4

Because of the way that jQuery deals with script tags, I've found it necessary to do some HTML manipulation using regular expressions (yes, I know... not the ideal tool for the job). Unfortunately, it seems like my understanding of how captured groups work in JavaScript is flawed, because when I try this:

var scriptTagFormat = /<script .*?(src="(.*?)")?.*?>(.*?)<\/script>/ig;

html = html.replace(
    scriptTagFormat, 
    '<span class="script-placeholder" style="display:none;" title="$2">$3</span>');

The script tags get replaced with the spans, but the resulting title attribute is blank. Shouldn't $2 match the content of the src attribute of a script tag?

ekad
  • 14,436
  • 26
  • 44
  • 46
Jacob
  • 77,566
  • 24
  • 149
  • 228

5 Answers5

5

Nesting of groups is irrelevant; their numbering is determined strictly by the positions of their opening parentheses within the regex.

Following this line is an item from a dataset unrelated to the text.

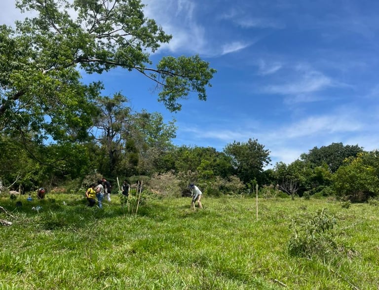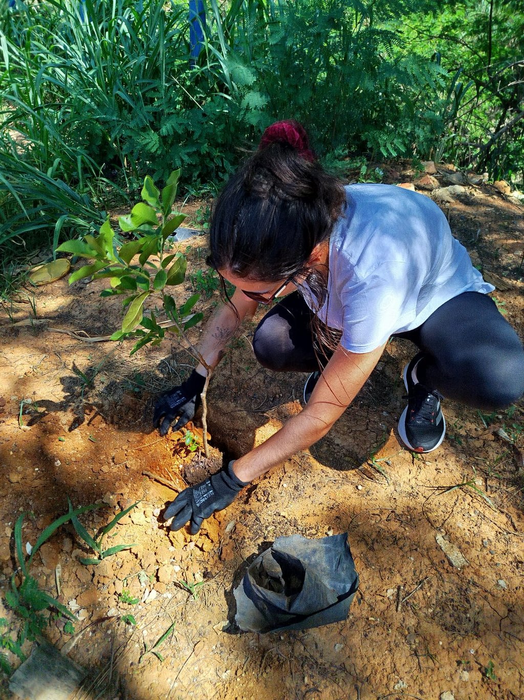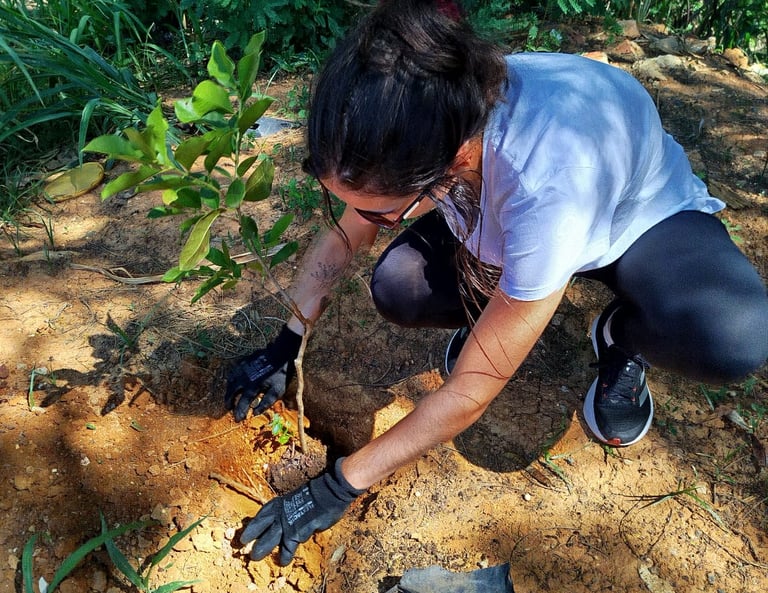 A ação foi realizada na data de 11/01/2025 e foram plantadas mudas como ipês, pitangueiras e outras.

In your case, that means it's group #1 that captures the whole src="value" sequence, and group #2 that captures just the value part.

Alan Moore
  • 73,866
  • 12
  • 100
  • 156
1

The .*? matches too much because the following group is optional, ==> your src is matched from one of the .*? around. if you remove the ? after your first group it works.

Update: As @morja pointed out your solution is to move the first .*? into the optional src part.

Just for completeness: /<script (?:.*?(src="(.*?)"))?.*?>(.*?)<\/script>/ig

You can see it here on rubular (corrected my link also)

If you don't want to use the content of the first capturing group, then make it a non capturing group using (?:)

/<script (?:.*?(?:src="(.*?)"))?.*?>(.*?)<\/script>/ig

Then your wanted result is in $1 and $2.

stema
  • 90,351
  • 20
  • 107
  • 135
  • I just want to capture the `src` attribute of a `script` tag, if it exists, no matter where it is in the tag. – Jacob May 05 '11 at 21:59
1

Try this:

/<script (?:(?!src).)*(?:src="(.*?)")?.*?>(.*?)<\/script>/ig

See here: rubular

As stema wrote, the .*? matches too much. With the negative lookahead (?:(?!src).)* you will match only until a src attribute.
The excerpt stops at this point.